Hello, dear friend, you can consult us at any time if you have any questions, add WeChat: daixieit


Fall 2021 COSC 3P71 Artificial Intelligence: Assignment 2


Goal: Showcase your understanding of Genetic Algorithms (GA) and prepare a technical report examining the algorithm’s performance in a given problem. Start this assignment soonest because it will require time and cannot be completed on last minute, and without the required report, one cannot score well.

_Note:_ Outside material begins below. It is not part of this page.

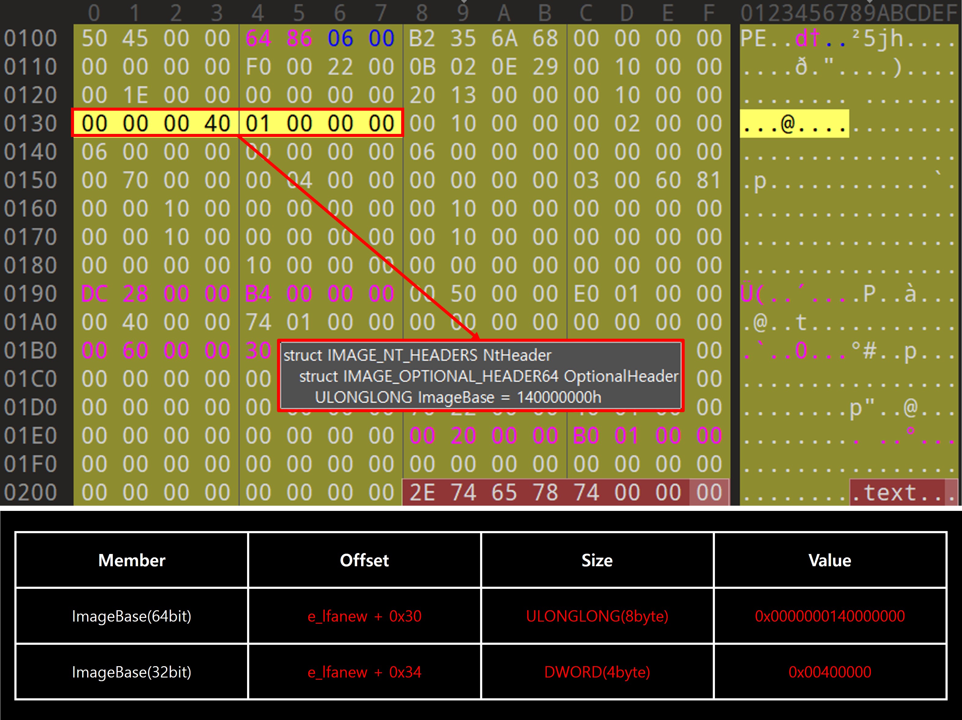 ImageBase 멤버는 PE 파일이 메모리에 로드될 때 기준이 되는 가상 주소를 나타내는 필드다. 32비트에서는 DWORD(4byte)로 정의되며 주소 지정 범위가 제한된다. 반면 64비트에서는 ULONGLONG(8byte)으로 확장되며 이는 64비트 아키텍처에서 제공하는 더 넓은 가상 주소 공간을 활용하기 위함이다. 이러한 자료형의 차이는 단순한 크기 확장이 아니라 플랫폼마다 가상 메모리를 다루는 방식과 요구사항이 전혀 다르다는 점에서 기인한 것으로 32비트와 64비트 실행 환경에 따라 구조체 내 멤버의 크기가 달라질 수 있음을 보여준다.

Languages: Any programming language which will compile and/or run on the lab computers (within reason).

Task: Below are two options for problems to implement for assignment 2. You will choose one to implement for this assignment. This assignment has 3 parts. First, you must implement a GA system as described in lecture for one of the described problems. Next, you must perform a number of experiments with your GA system and collect data regarding its performance. The final step will be preparing a technical report to present your findings. Specific details regarding the requirements of the GA implementation, the experiments to be performed, and the format and content of the report will be described under each option.

As a reminder, the basic procedure of a GA is as follows:

Read problem instance data set GA parameters
generate a random initial population, POP, of size
popSize for gen=1 to MAXGEN do
    evaluate fitness of each individual in POP
    select a new population using a selection
    strategy apply crossover and mutation
end for

A GA should have the following components:

 Initial Population Initializer: Creates a population of size popSize of randomized individuals as described in class.

 Chromosome: A chromosome encodes a solution to the problem being solved. Your representation will depend on the assignment option you select. See the option details below for possible chromosome representations.

 Reproduction: Use Tournament Selection (remember K = 2, 3, 4 or 5).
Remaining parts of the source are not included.